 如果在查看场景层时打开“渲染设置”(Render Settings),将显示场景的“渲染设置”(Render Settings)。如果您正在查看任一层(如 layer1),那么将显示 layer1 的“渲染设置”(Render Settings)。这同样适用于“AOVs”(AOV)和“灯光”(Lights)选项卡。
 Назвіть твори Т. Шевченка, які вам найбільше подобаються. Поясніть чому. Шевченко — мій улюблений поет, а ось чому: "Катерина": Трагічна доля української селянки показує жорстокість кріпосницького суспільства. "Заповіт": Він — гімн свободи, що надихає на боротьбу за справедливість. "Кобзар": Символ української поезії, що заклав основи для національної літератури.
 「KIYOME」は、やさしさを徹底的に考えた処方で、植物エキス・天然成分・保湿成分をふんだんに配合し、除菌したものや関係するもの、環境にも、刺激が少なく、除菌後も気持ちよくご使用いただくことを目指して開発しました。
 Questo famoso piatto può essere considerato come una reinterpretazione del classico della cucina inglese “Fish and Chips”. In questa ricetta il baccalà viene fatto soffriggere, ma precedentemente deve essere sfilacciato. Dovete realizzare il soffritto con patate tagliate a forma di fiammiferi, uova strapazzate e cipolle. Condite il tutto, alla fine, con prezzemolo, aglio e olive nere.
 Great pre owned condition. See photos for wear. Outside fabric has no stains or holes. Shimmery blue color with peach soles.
---
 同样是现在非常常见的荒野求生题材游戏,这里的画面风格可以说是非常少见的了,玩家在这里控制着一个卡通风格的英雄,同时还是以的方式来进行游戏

→ WORK ITEM
Set down, from the entries above, exactly the lines from the one with "Settings)。如果您正在查看任一层(如 layer1),那么将显示 layer1" up to and including the one with "Назвіть твори Т.", and no other lines.

→ ANSWER TO THIS PROBLEM
 如果在查看场景层时打开“渲染设置”(Render Settings),将显示场景的“渲染设置”(Render Settings)。如果您正在查看任一层(如 layer1),那么将显示 layer1 的“渲染设置”(Render Settings)。这同样适用于“AOVs”(AOV)和“灯光”(Lights)选项卡。
 Назвіть твори Т. Шевченка, які вам найбільше подобаються. Поясніть чому. Шевченко — мій улюблений поет, а ось чому: "Катерина": Трагічна доля української селянки показує жорстокість кріпосницького суспільства. "Заповіт": Він — гімн свободи, що надихає на боротьбу за справедливість. "Кобзар": Символ української поезії, що заклав основи для національної літератури.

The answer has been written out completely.